7.2 Indemnification By the FUND
(a) The FUND will indemnify and hold harmless AAL and each of its
directors, officers and employees and each person, if any, who
controls AAL within the meaning of Section 15 of the 1933 Act
(collectively, the "Indemnified Parties" for purposes of this
Section 7.2) against any and all losses, claims, damages,
liabilities (including amounts paid in settlement with the
written consent of FUND) or litigation (including legal and other
expenses) to which the Indemnified Parties may become subject
under any statute, regulation, at common law or otherwise, which:
(i) arise out of or are based upon any failure by the FUND
to perform the duties or assume the general business
responsibilities required by this Agreement with respect
to the sale of shares of the FUND to AAL; or
(ii) arise out of or are based upon any untrue statements
or alleged untrue statements of any material fact
contained in the sales literature for the FUND and/or the
Certificates, or arise out of or are based upon the
omission or the alleged omission to state therein a
material fact required to be stated therein or necessary
to make the statements therein not misleading, provided
that this agreement to indemnify will not apply as to any
Indemnified Party if such statement or omission or such
alleged statement or omission was made in reliance upon
and in conformity with information furnished in writing to
the FUND by or on behalf of AAL for use in the
registration statement, prospectus, or SAI for use in the
sales literature or otherwise for use in connection with
the sale of Portfolio shares; or
(iii) arise out of or are based upon statements or
representations (other than statements or representations
contained in the registration statement, prospectus, SAI,
or sales literature of the FUND not supplied by the FUND,
or persons under its control) or wrongful conduct of the
FUND or persons under its control, or failure to supervise
persons under the FUND's control or entities or
individuals with which the FUND contracts, with respect to
the sale or distribution of the Certificates or FUND
shares; or
(iv) arise out of any untrue statement or alleged untrue
statement of a material fact contained in a registration
statement, prospectus, or sales literature of the FUND or
any amendment thereof or supplement thereto or the
omission or alleged omission to state therein a material
fact required to be stated therein or necessary to make
the statements therein not misleading if such a statement
or omission was made in reliance upon information
furnished in writing to AAL by or on behalf of AAL; or
(v) arise out of or result from any failure by the FUND to
provide the services and furnish the materials
contemplated by this Agreement; or
(vi) arise out of or result from any material breach of
any representation and/or warranty made by the FUND in
this Agreement or arise out of or result from any other
material breach of this Agreement by the FUND, except to
the extent provided in Section 7.2(b) and 7.2(c) hereof.

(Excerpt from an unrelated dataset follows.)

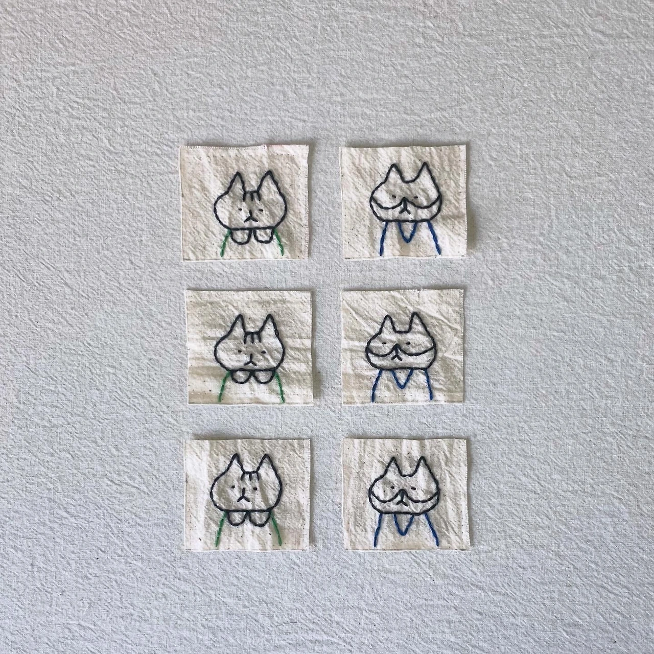 자투리천으로 한땀한땀 만든 작고 소중한 라벨입니다. 냥냥이들 알바 이력서에 쓸 증명 사진 몇 장 만들어 봤어요. ^^

(b) The FUND will not be liable under this indemnification
provision with respect to any losses, claims, damages,
liabilities or litigation to which an Indemnified Party would be
subject by reason of such Indemnified Party's willful
misfeasance, bad faith, or gross negligence in the performance of
such Indemnified Party's duties or by reason of such Indemnified
Party's reckless disregard of obligations or duties under this
Agreement or to the FUND, whichever is applicable.

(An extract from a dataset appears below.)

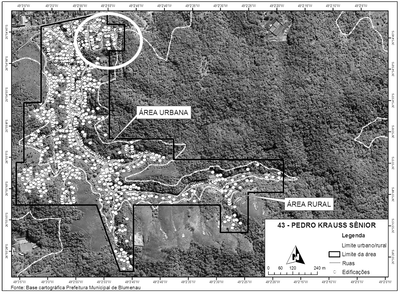 Na comunidade, residem hoje em torno de 800 famílias, distribuídas em área urbana e rural, totalizando 636.755,95 m2 (Blumenau, 2012). Muitos residem em locais acessíveis somente por meio de escadarias. Na Figura 3, é possível ver a distribuição espacial da localidade. A área circulada aponta o local da comunidade, de onde 40 famílias foram retiradas e posteriormente levadas para abrigos municipais (Blumenau, 2008). Os motivos foram deslizamentos ocorridos no dia anterior à transferência (16/11/2008) devido às intensas chuvas que já caíam no município. A retirada foi preventiva, pois, nos dias 22 e 23 de novembro de 2008, o município foi assolado pela maior tragédia já registrada em sua história. Reportagens do dia registravam: “O Flagelo das chuvas: tempo castiga a região” (Waltrick, 2008).

(c) The FUND will not be liable under this indemnification
provision with respect to any claim made against an Indemnified
Party unless such Indemnified Party shall have notified the FUND
in writing within a reasonable time after the summons or other
first legal process giving information of the nature of the claim
shall have been served upon such Indemnified Party (or after such
Indemnified Party shall have received notice of such service on
any designated agent), but failure to notify the FUND of any such
claim will not relieve the FUND from any liability that it may
have to the Indemnified Party against whom such action is brought
otherwise than on account of this indemnification provision. In
case any such action is brought against the Indemnified Parties,
the FUND shall be entitled to participate, at its own expense, in
the defense thereof. The FUND also will be entitled to assume the
defense thereof, with counsel satisfactory to the party named in
the action. After notice from the FUND to such party of the
FUND's election to assume the defense thereof, the Indemnified
Party will bear the fees and expenses of any additional counsel
retained by it, and the FUND will not be liable to such party
under this Agreement for any legal or other expenses subsequently
incurred by such party independently in connection with the
defense thereof other than reasonable costs of investigation.
(d) The Indemnified Party will promptly notify the FUND of the
commencement of any litigation or proceeding against it or any of
its respective officers or directors in connection with
transactions that are the subject of this Agreement whether or
not indemnification is being sought hereunder.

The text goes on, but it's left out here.